In a sense this issue is that shapely doesn't support null
, coordinates must be a number as the error says. cuSpatial allows None
to be specified at the row-level, or None or np.nan to be specified at the data-level:
a = cuspatial.GeoSeries([Point(0, 0), None])
b = cuspatial.GeoSeries.from_points_xy(cudf.Series([0.0, 1, None, None]))
c = cuspatial.GeoSeries.from_points_xy(cudf.Series([0.0, 1, np.nan, np.nan]))
Whether or not these values are properly supported by certain algorithms is an implementation detail. In this case the issue is only for value b
which cannot be printed because Shapely does not permit a Point
to be created containing null as per the error above.
While mixed results like POINT(NONE, 3.14)
are likely to produce bad behavior downstream, support for null
and nan
are almost always requested.
My inclination is to use fillna
before serializing to Shapely. It is just a viewer-level I/O problem, and printing Point(nan, 3.14)
is preferable from a user-perspective than throwing an I/O error.
cudf
treats null
and nan
the same in the Series constructor, but will insert nan
via .fillna
:
cudf.Series([0.0, np.nan])
0 0.0
1 <NA>
dtype: float64
cudf.Series([0.0, None])
0 0.0
1 <NA>
dtype: float64
cudf.Series([0.0, np.nan]).fillna(np.nan)
0 0.0
1 NaN
dtype: float64
cuSpatial allows None to be specified at the row-level, or None or np.nan to be specified at the data-level.
Thanks for the clarification, I didn't know this is by design. I feel like we hit a classic nan_as_null
issue in cudf. If you construct the series with nan_as_null=False
, you would get nans in the series instead.
Moreover, according to geoarrow spec: https://github.com/geoarrow/geoarrow/blob/main/format.md#missing-values-nulls
For this specification, only the outer level is allowed to have nulls, and all other levels (including the inner level with the actual coordinate values) should not contain any nulls. Those fields can be marked explicitly as non-nullable, but this is not required.
It seems like geoarrow prefer using nans to nulls to mark inner levels with invalid/missing values.
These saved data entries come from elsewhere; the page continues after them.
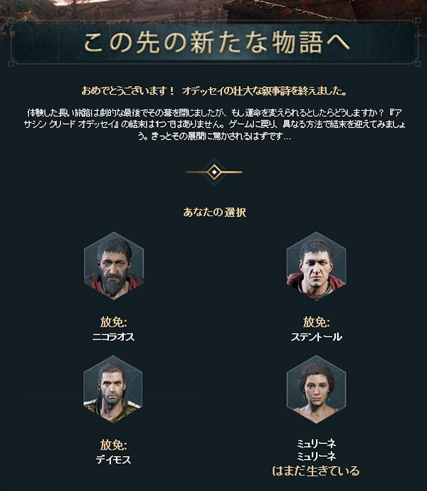 ・メインクエスト「我らは立ち上がる」から「スパルタでの食事」までクリア。ついでに後日談の「忘れない」もクリア。…って事で、メインクエストをすべてクリア。どうやら、良いほうに選択肢を選択したようで、弟生存のグッドエンディングに辿り着いた(写真上)。さて、まだクリアしてないクエストはいっぱいあるし、行ってない地もいっぱいある。ここからが本番だ。これがオープンワールドもの、特に洋ゲーの良いところだな。
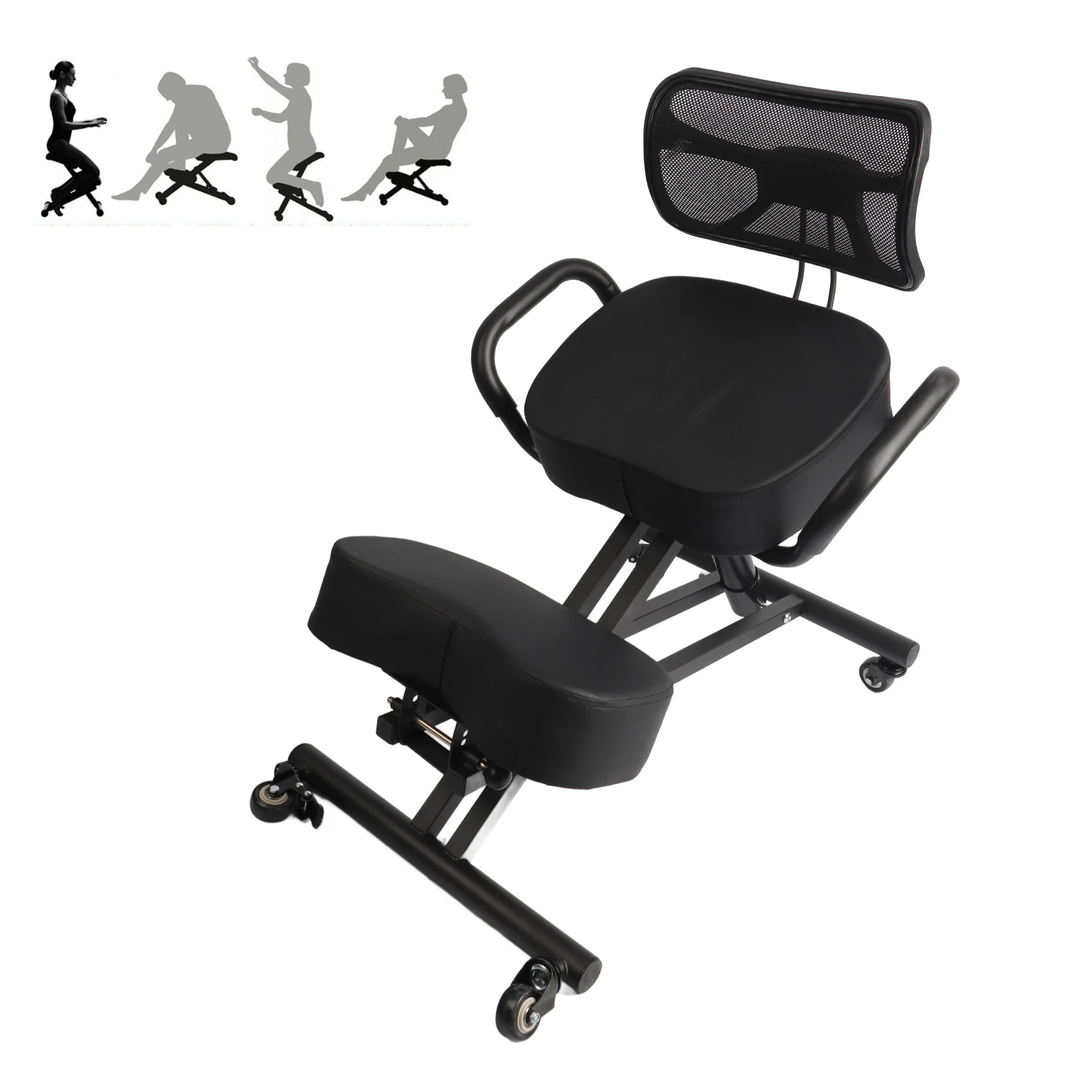 高さ調節可能な人間工学に基づいた通気性のある背もたれ付きひざまずく椅子、レザー クッション付きひざまずく椅子、整形外科用スツール
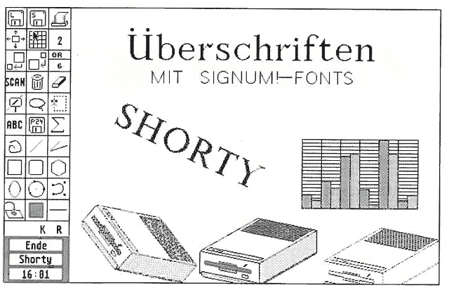 Ein Zeichenprogramm und Accessory, das insbesondere für die Zusammenarbeit mit SIGNUM!2 und SIGNLUM!3 konzipiert ist, ist in der Sonderdisketten-Serie von MAXON erschienen. Das Accessory läßt sich aus SIGNUM! auch direkt mit F6 aufrufen. Neben umfangreichen Grafikfunktionen bietet SHORTY einen virtuellen Großbildschirm inkl. Übersichtsmodus (max. 2560x1600 Pixel), zahlreiche Pufferfunktionen (z.B. Lasso, stufenloses Drehen), Schreiben mit max. drei SIGNUM!-Zeichensätzen, Vielecke, Echtzeitlupe, Raster, Snap und Biegelinie. In dieser neuen Version unterstützt SHORTY STAD-, Screen-, SIGNUM!- und IMG-Format.
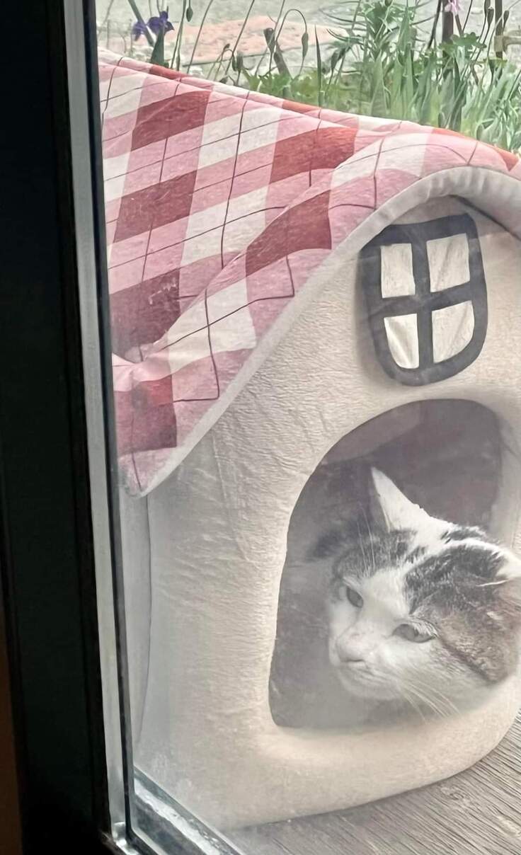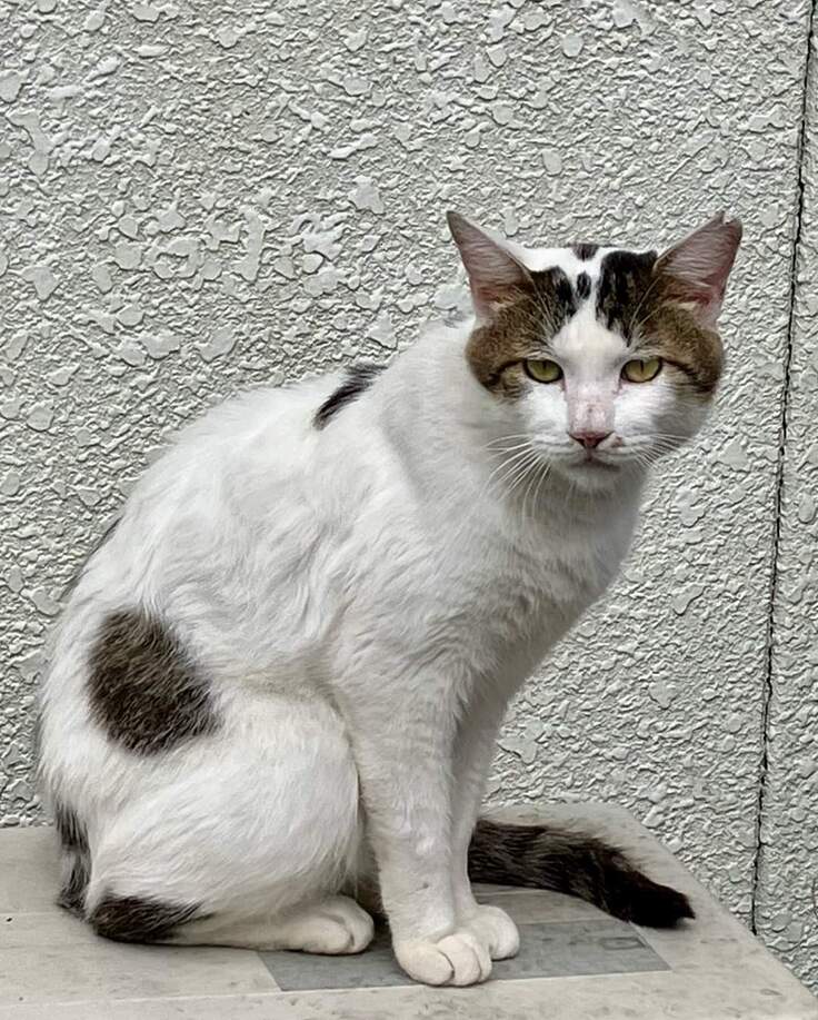 ウシくんは美味しいごはんをたっぷりもらってハウスも作ってもらってえさやりさんの庭で仲間猫たちと穏やかに暮らしています。
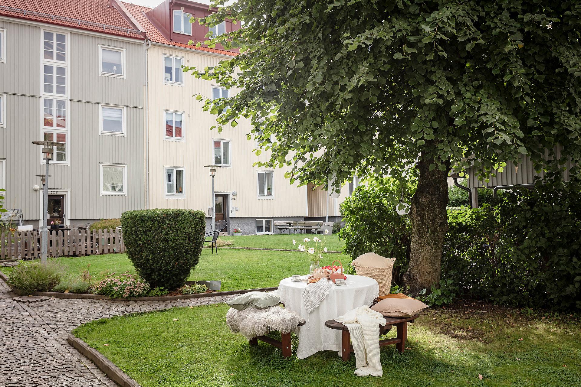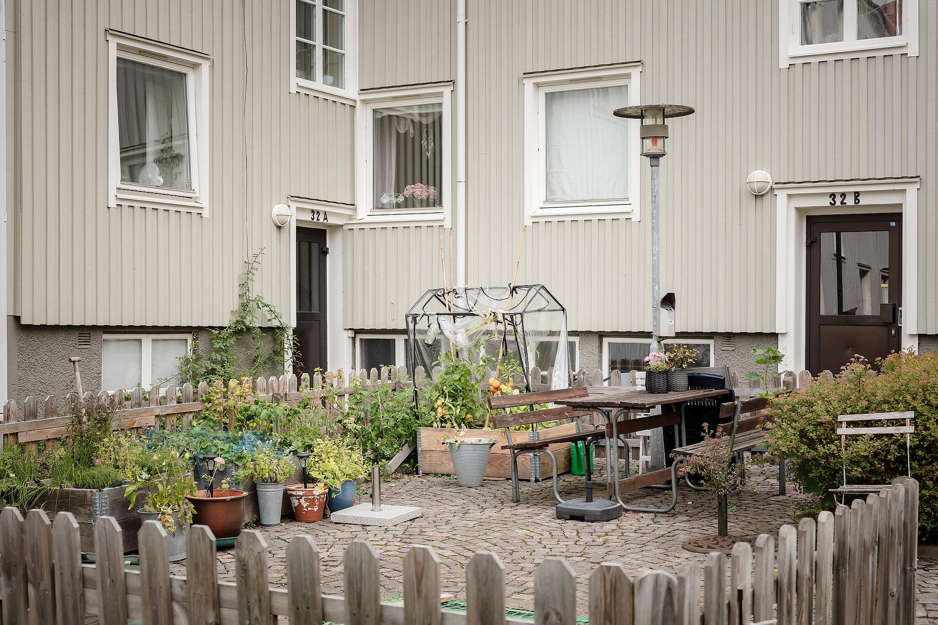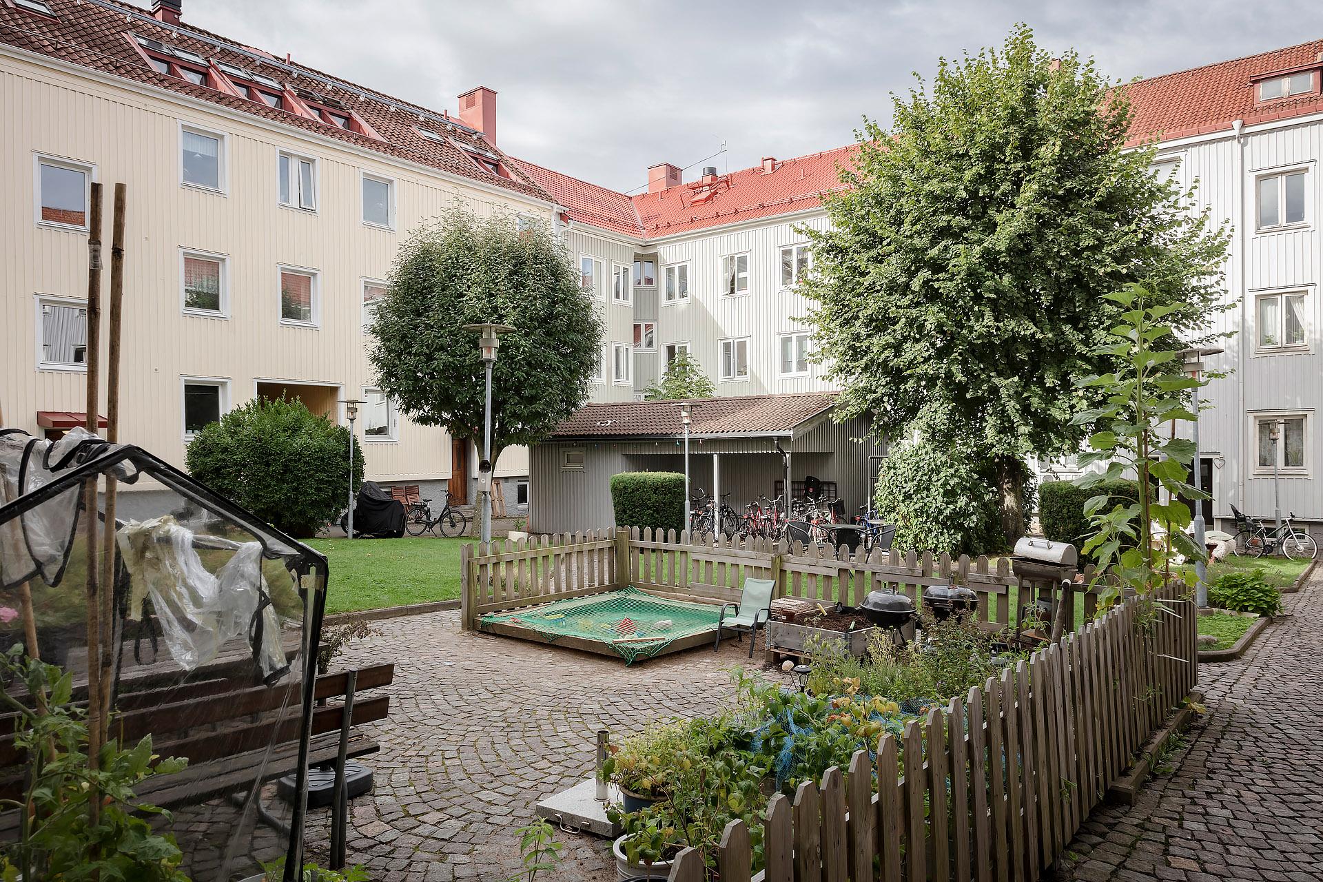 - Balkong/Uteplats: Ja. Gemensam förträdgård som badar i sol från morgon till kväll. Lummig innergård med gräsytor, odling, och sittplatser.

Do we have a plan for this?
Yes, we just need a fillna that works with ListColumn
. I have a PR at cudf
as linked above that might get added there, but we could just add it directly to cuspatial if you want to move it along. We'll have to wait until 23.06 of cudf before we can rely on any PRs to be merged there, so it is probably better to write our own fix simultaneously and update it to use the cudf method when that is merged.
I think we should do it right (e.g. in cuDF -- unless it's needed in the cuSpatial C++ APIs). 23.06 burndown starts tomorrow for cuDF.